"Aku membenci waktu."
Suara perempuan mendesis dalam senja menjemput malam.
"Waktu seperti penyamun membawa engkau pergi."
Suara berlanjut pelan.
"Waktu tak pernah membawamu pulang."
Tangis itu pecah.
Perempuan berambut pendek tergugu di sudut rimba sunyi. Nurani perempuannya menyembul dalam kesepian. Bumi menerima tumpahan air mata, desau dedaunan mendengar kisah perpisahan.
Renjana, perempuan itu bernama Renjana. Pada suatu masa, Jana dan sang kekasih pernah melakukan perayaan bersama di sudut rimba. Kenduri rimba, begitu mereka menyebutnya.
Jana dan kekasihnya merayakan ulang tahun bersama-sama. Mereka berulang tahun pada tanggal yang sama dan bulan yang sama pula, 8 November.Â
Kenduri rimba, mereka berdua layak kanak-kanak. Mengumpulkan buah murbei, menyicipinya satu persatu. Mengernyitkan mata jika bertemu buah yang asam. Lalu membuat mahkota bunga dari bunga liar. Tak lupa menanak nasi kuning yang kuning sekali, karena kebanyakan kunyit.Â
"Selamat ulang tahun Tarzan."
"Selamat ulang tahun juga Jane."
Rimba mungkin telah hapal akan kelakar, gelak tawa.
Besok, tanggal 8 November. Dua insan akan kembali berulang tahun tapi tak ada perayaan berdua. Tak ada kenduri rimba lagi. Jana tak pernah melupakan momen itu, kali ini membiarkan dirinya berucap ulang tahun pada diri sendiri.
Jana mulai memasak nasi kuning menggunakan nesting, membentuk tumpeng mini nan manis. Menggoreng ayam bumbu dan tempe. Menatanya di atas daun pisang.Â
Tengah malam nanti Jana akan memotong tumpeng sendiri, kenduri rimba nan lengang. Tanpa gelak tawa, tanpa senyuman yang melumat sepi rimba.
Suara deru api unggun dalam kelam malam menghangatkan jiwa. Jana menghirup kopi pahit sambil berhitung. Ini sudah tahun ketiga tanpa kenduri rimba.
Jana mengingat pesan nenek, jika engkau merindukan seseorang maka seru namanya.
Oh rindau (Oh rindu)
Kimoklah buleang (Lihatlah bulan)
Pandanglah binteang (Pandanglah bintang)
Adea ngimok gadih murindau dalon sunyai (Ada melihat gadis merindu dalam sunyi)
Tibelah sayang, bie ratai ridek ribea (Tibalah sayang, biar hati tidak iba)
Mulut Jana komat kamit seolah membaca mantra. Jana terkantuk, mengatup mata, bibir dan kenangan sejenak. Api unggun masih menari dalam gelap, mengecil dan padam dini hari
Jana menguap, mendapati dirinya yang hangat oleh sehelai selimut. Setangkai mawar putih tergolek dalam genggaman tangannya yang pasi.

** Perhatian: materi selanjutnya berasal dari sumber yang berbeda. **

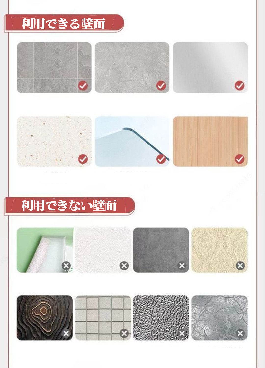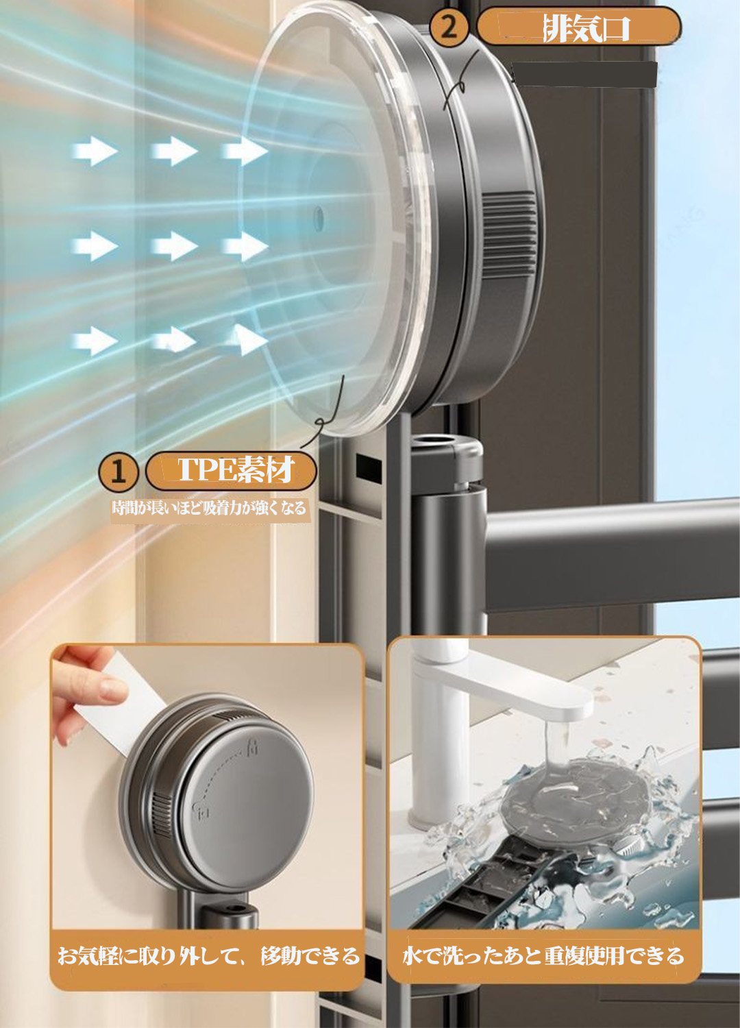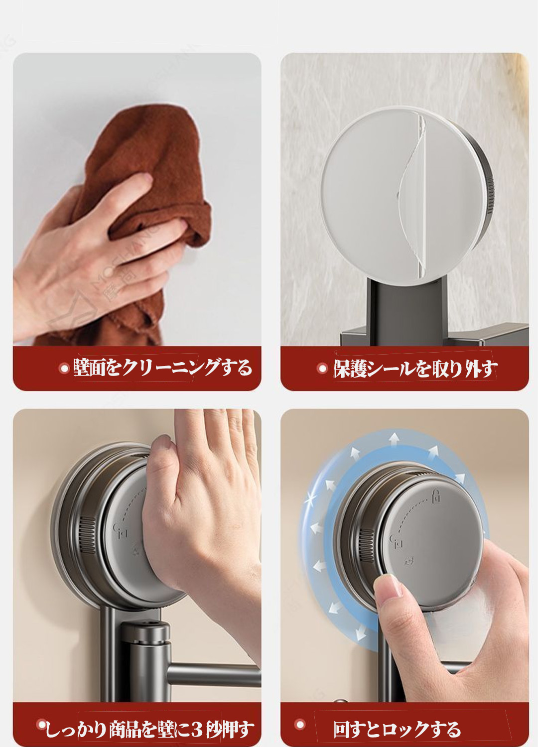 【取り付けが簡単】工具やネジを使わずに壁に穴を開ける必要なく、強力粘着吸盤で壁に貼り付けて壁を傷つけません。強力な粘着吸盤なので、落ちる心配がありません。(ご注意:タイル、ガラス、木製の壁、金属など、ほとんどのツルツルな壁に対応できますが、粗すぎる表面には適用していません。)

Jana terkesiap, semalam tak ada selimut yang membelit raganya pun tak ada setangkai mawar. Tak ada, tak ada siapa-siapa, pandangan Jana menyapu ke sekitarnya. Memang tak ada siapa-siapa. Apakah karena mantra dari nenek?
Hidup memang penuh misteri. Mawar putih bertanda apa? Kabar suka atau duka? Ketulusan cinta atau cinta terakhir? Entahlah, Jana tak bisa berandai-andai, bukan ahli nujum yang bisa meramal masa yang akan datang.
Jana menghampiri tumpeng mini yang masih utuh tergelar di tenda. Berucap doa akan usia, linimasa yang sampai hari ini sungguh menakjubkan. Memotong tumpeng, menikmati dengan rasa syukur.
Hari ini Jana ingin memangkas asa, melepas belenggu lega. Rindu biarlah menjadi gita pengantar menuju malam bermimpi. Selamat ulang tahun diriku dan dirimu. Semoga rindu tetap rimbun dalam bias kenang. Namun tak lagi terjerat tali rasa dan memaku langkah ke depan.
Jana berasa menjadi seekor capung betina, ringan terbang lepas di rimba. Sayap akan membawaku terbang menggapai impian dengan riak cinta tanpa batas.